SANTA CRUZ DE TENERIFE, Feb. 23 (EUROPE PRESS) –
The president of the Canary Islands, Ángel Víctor Torres, and the president of the Generalitat Valenciana, Ximo Puig, have signed this Wednesday a collaboration agreement for the management and provision of their own services in the field of health innovation through the project ‘Personalized Medicine Big Data’ (MedP Bigdata Project), which has an investment of almost 6 million euros and the participation of more than 7,000 people in its first phase.
The president of the Canary Islands explained that this project is a commitment to public health that is launched this week with the aim of using new technologies, in this case a mobile application, which will allow the download of programs that will make it possible to carry out up to five different actions that are aimed at having healthy habits and, above all, preventing diseases.
The president of the Generalitat Valenciana, for his part, thanked him for being able to sign this agreement and stressed that this project is based on learning the lessons of the pandemic, which “has illustrated the importance of the Autonomous Communities having a public system and which, despite the difficulties, is of great quality and excellence”.

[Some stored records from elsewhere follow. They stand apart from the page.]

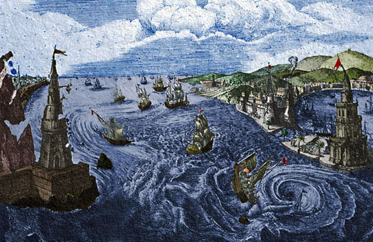 La navigazione dello Stretto, infatti, ebbe nell’antichità una bruttissima fama e realmente presenta notevoli difficoltà, specialmente per le correnti rapide ed irregolari. Anche i venti vi spirano violenti e talora in conflitto tra loro. A volte, le correnti raggiungono una velocità di 9 Km. all’ora e scontrandosi danno luogo a enormi vortici che sicuramente terrorizzavano i naviganti.
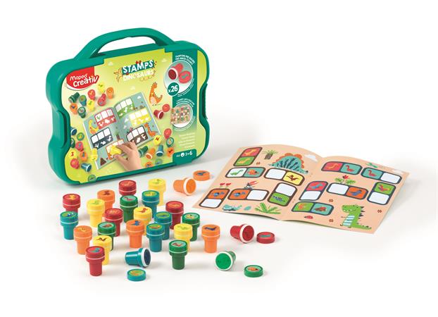 Nyomdázó készlet, foglalkoztató füzettel, bőröndben, dínó, MAPED CREATIV "Stamps"
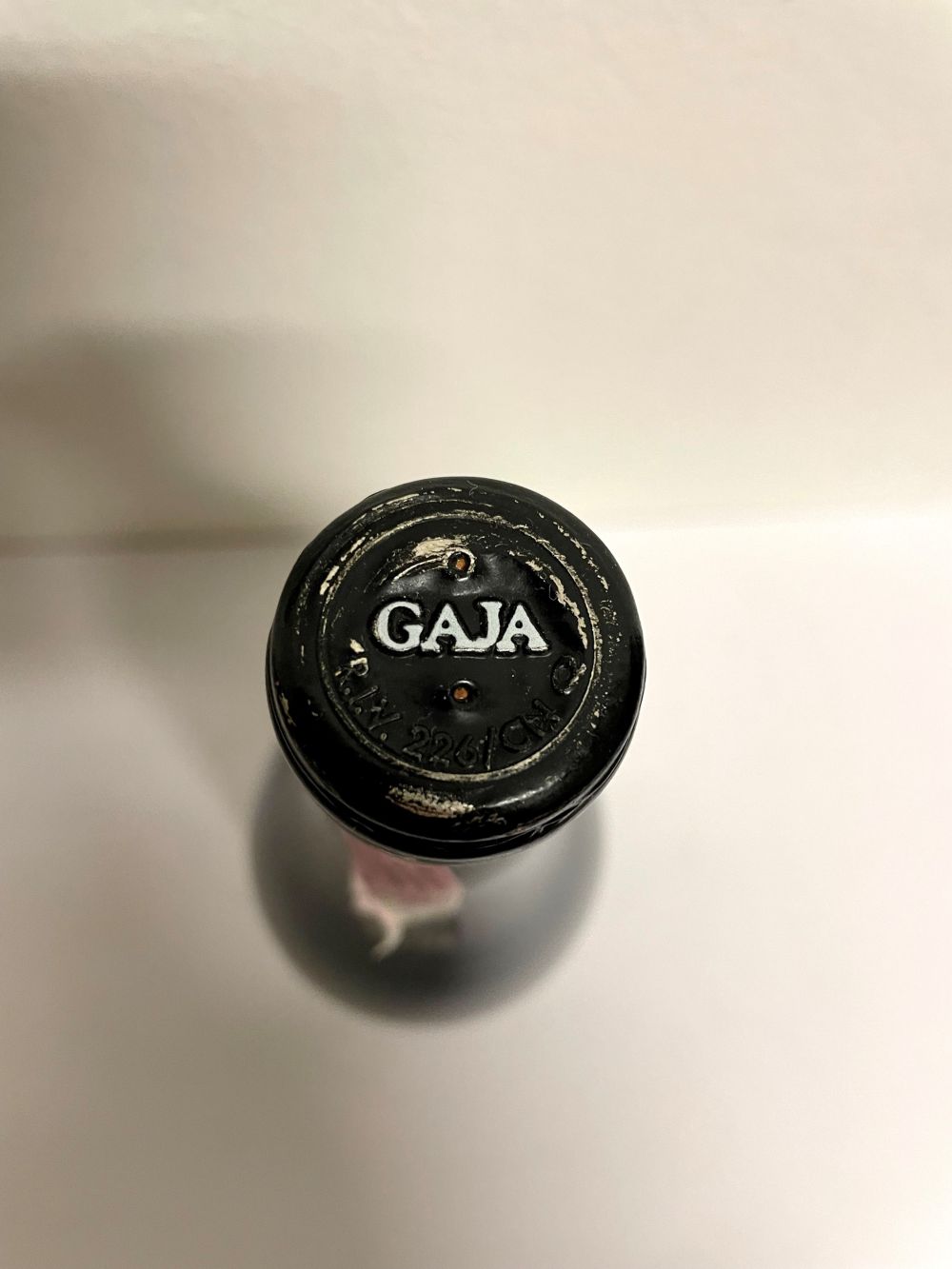 Condition report: etichetta e capsula con segni d'usura del tempo.

Likewise, Ximo Puig stressed that this agreement comes to configure a new frontier, such as the application of Information and Communication Technologies (ICT) and Artificial Intelligence to the health event.
Led by the Canary Islands Health Service (SCS) and shared by the Ministry of Universal Health and Public Health of the Generalitat Valenciana, the MedP Bigdata Project has a budget of 5.8 million euros, of which the Government of the Canary Islands assumes 3.8 million (with FEDER co-financing of 85%) and the Generalitat Valenciana 2 million (with FEDER co-financing of 50%).
The objective of the project is welfare. It seeks to improve personalized care (diagnosis, treatment and research) for patients with chronic, oncological, degenerative and rare diseases, through the use of cutting-edge technological tools to offer a more advanced and efficient health service.
The first phase, called Cuídat-e, will start in the second half of March, although it begins this week with the recruitment of participants. It consists of the use of a simple computer application that will allow the exchange of information on healthy nutritional habits, physical activity, mood, substance use-new addictions and situations of unwanted loneliness.
The purpose is that, thanks to this exchange of information and through the application of Artificial Intelligence systems, progress is made in personalized medicine, more adapted to the needs and expectations of users. The first phase has the voluntary participation of 7,200 people living in each of the two Autonomous Communities of any age, and they must use the computer application of healthy living habits for five months.
After this first stage, there will be a second one lasting ten months. It will be focused on the most prevalent pathologies.